Ce fut une surprise pour nous lorsque nous avons appliqué ce modèle à des tâches visuelles du monde réel et il rivalisait bien avec les meilleurs systèmes, explique Serre. En effet, dans certains tests, leur modèle a réussi à reconnaître les objets plus de 95 % du temps, en moyenne. Plus le système est entraîné sur des images, plus il fonctionne avec précision.

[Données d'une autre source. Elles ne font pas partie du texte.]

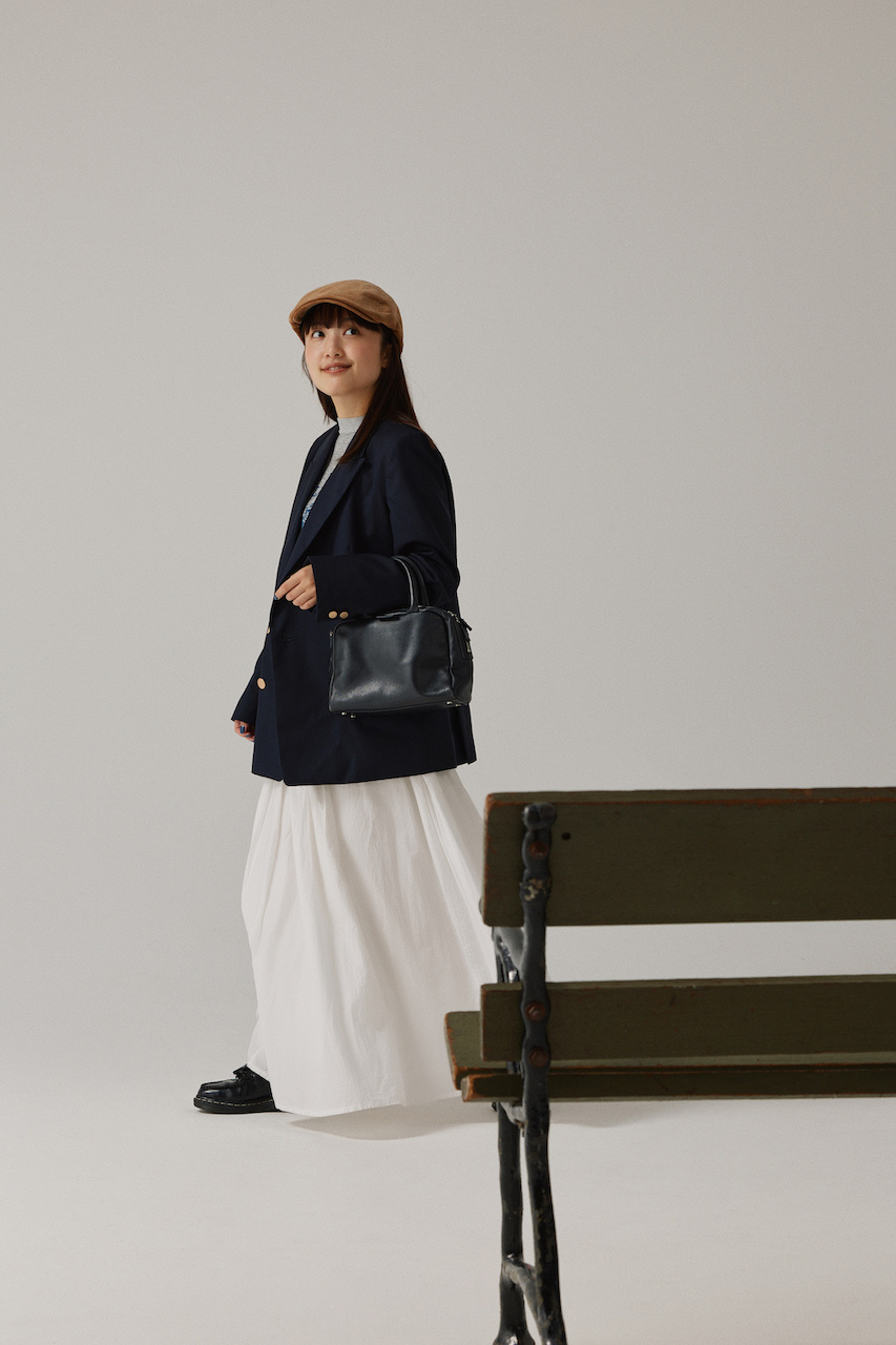 フレアに広がるスカートをキリリと引き締める紺のブレザーが引き立った上級者なMIXスタイル。カジュアルなハンチング帽とトラッドなレザーバッグ&シューズのギャップも素敵。

Peut-être que nous ne devrions pas être surpris, dit David Lowe , un expert en vision par ordinateur et en reconnaissance d'objets à l'Université de Colombie-Britannique à Vancouver. La vision humaine est bien meilleure pour la reconnaissance que n'importe lequel de nos systèmes informatiques actuels, donc tout indice sur la façon de procéder à partir de la biologie sera probablement très utile.

Pour le moment, le système est conçu pour analyser uniquement des images fixes. Mais cela correspond tout à fait au fonctionnement du système de vision humaine, dit Serre. Les entrées du cortex visuel sont partagées par un système qui traite des formes et des textures tandis qu'un système séparé traite du mouvement, dit-il. L'équipe travaille actuellement à l'intégration d'un système parallèle pour gérer la vidéo.